Ensemble learning can be effective in reducing the impact of individual model failures, but it can also be expensive and time-consuming. Additionally, it may not be effective in all situations, such as when the models are highly correlated or when the data is limited.
In conclusion, machine learning has become an essential tool in facilitating decision-making processes across a wide range of applications. While these algorithms exhibit remarkable accuracy, they have been demonstrated to possess vulnerabilities that can lead them to generate preferred predictions. Consequently, carefully designed adversarial objects have the potential to undermine the trust of machine learning systems, compromising the reliability of their predictions, regardless of the field in which they are deployed.
To address the growing threat of adversarial attacks, researchers have developed various defenses, including regularization and adversarial training. Regularization is a simple but effective defense that can be used to reduce the impact of adversarial examples, while adversarial training is a more advanced defense that involves training the model to recognize and respond to adversarial examples.
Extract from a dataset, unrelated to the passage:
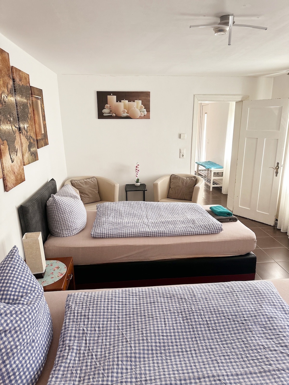 Apartament a l'àtic a 20 minuts amb cotxe de Potsdam i Berlín i a 30 minuts en tren del BER. Espaiosa cuina de disseny * totalment equipada, bany amb banyera Agape Vieques i pica a joc * , dormitori amb llit de 2,70 m * , gimnàs es pot utilitzar com a segona zona de dormitori. Aquí tens un projector de llit doble d'1,80 m amb preinstal·lació de l'aplicació per a NETFLIX, Disney + i Amazon Prime Login, joguines, supermercat amb fleca i mercat de begudes de carnisseria * llacs i senderisme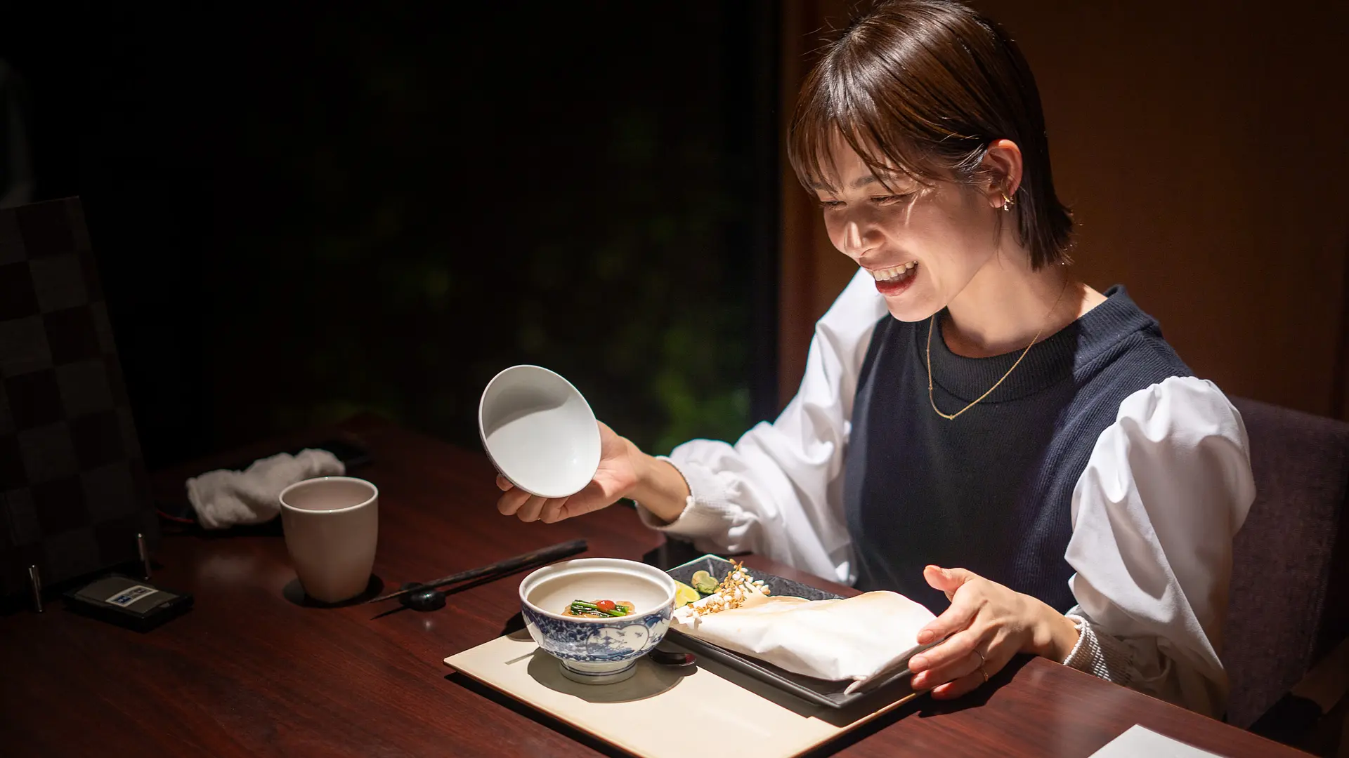こちらの食事処は全席半個室となっており、プライベートな空間で絶品料理を心ゆくまで楽しむことができました。

In addition to defenses against adversarial attacks, researchers are also exploring ways to improve the resilience of machine learning models, such as using multiple models to make predictions and using ensemble learning.
However, adversarial training can be expensive and time-consuming, and it may not be effective against all types of adversarial attacks. Therefore, it is important for researchers and practitioners to continue to develop new defenses and techniques to protect machine learning models from adversarial attacks.
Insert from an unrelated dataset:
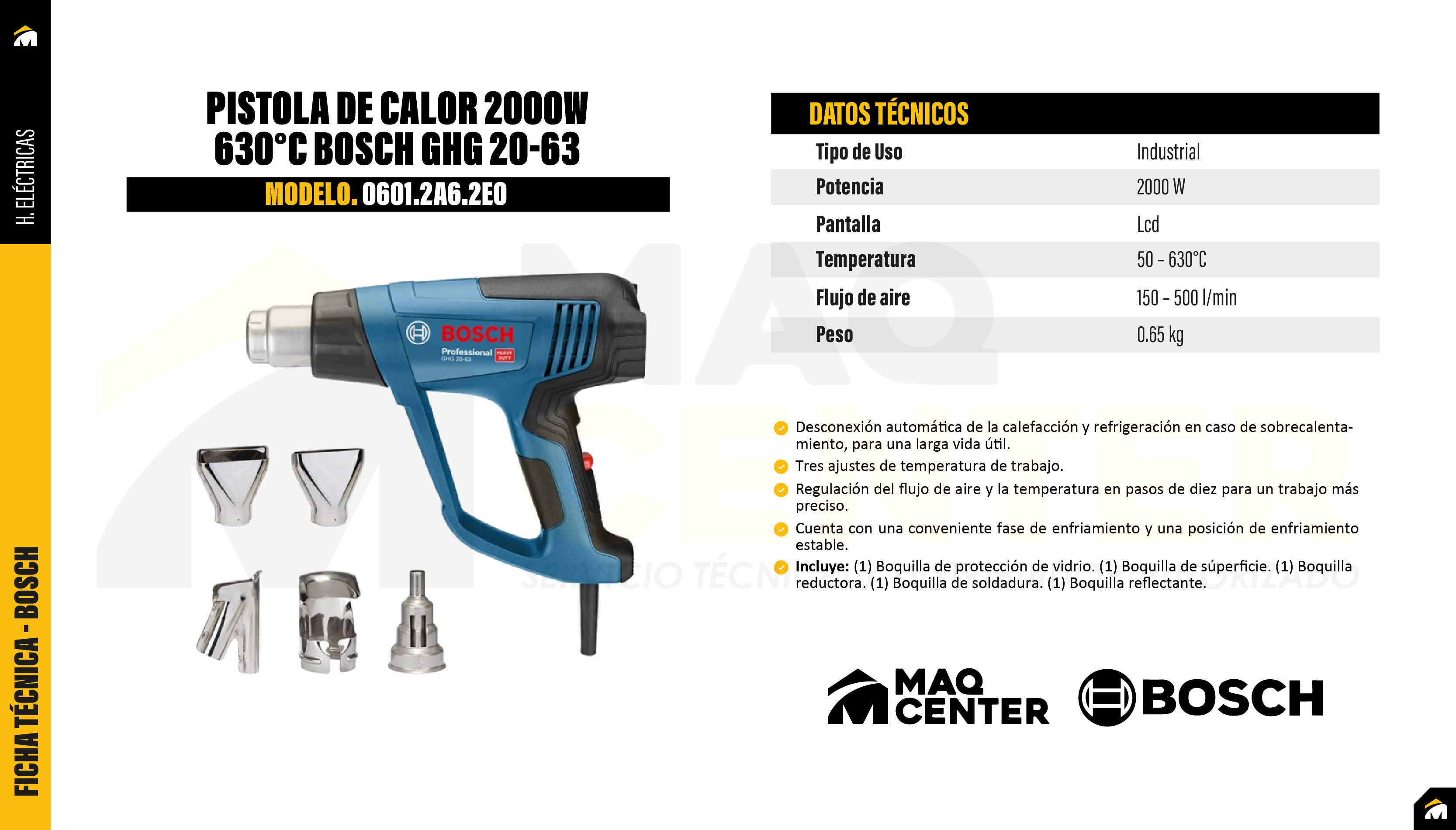 Incluye: (1) Boquilla reductora. (1) Boquilla con protección del vidrio. (1) Zapata de soldadura. (1) Boquilla para superficies. (1) Boquilla reflectora.

In conclusion, machine learning has become an essential tool in facilitating decision-making processes across a wide range of applications. While these algorithms exhibit remarkable accuracy, they have been demonstrated to possess vulnerabilities that can lead them to generate preferred predictions. Consequently, carefully designed adversarial objects have the potential to undermine the trust of machine learning systems, compromising the reliability of their predictions, regardless of the field in which they are deployed. To address the growing threat of adversarial attacks, researchers have developed various defenses, including regularization and adversarial training. In addition to defenses against adversarial attacks, researchers are also exploring ways to improve the resilience of machine learning models, such as using multiple models to make predictions and using ensemble learning. However, adversarial training can be expensive and time-consuming, and it may not be effective against all types of adversarial attacks. Therefore, it is important for researchers and practitioners to continue to develop new defenses and techniques to protect machine learning models from adversarial attacks.
Weight: 209g
Dimension: 210 x 148 (mm)
ISBN-13: 9783658404413
Edition number: 1st ed. 2023
This item can be found in:
UK and International shipping information
UK and International shipping information
UK Delivery and returns information:
- Delivery within 2 - 3 days when ordering in the UK.
- Shipping fee for UK customers from £2.39. Fully tracked shipping service available.
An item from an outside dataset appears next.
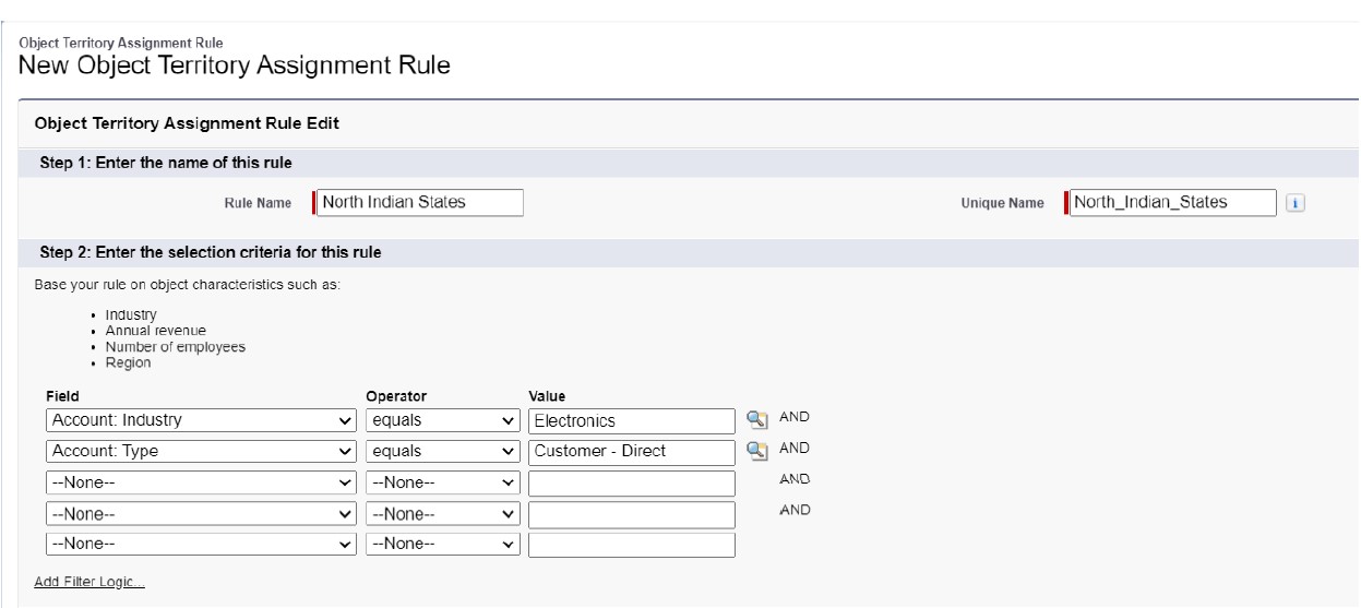 Now, Let’s apply an Assignment Rule to a Territory:-

- Returns policy: Return within 30 days of receipt for full refund.
International deliveries:
Shulph Ink now ships to Australia, Belgium, Canada, France, Germany, Ireland, Italy, India, Luxembourg Saudi Arabia, Singapore, Spain, Netherlands, New Zealand, United Arab Emirates, United States of America.
- Delivery times: within 5 - 10 days for international orders.
- Shipping fee: charges vary for overseas orders. Only tracked services are available for most international orders. Some countries have untracked shipping options.
- Customs charges: If ordering to addresses outside the United Kingdom, you may or may not incur additional customs and duties fees during local delivery.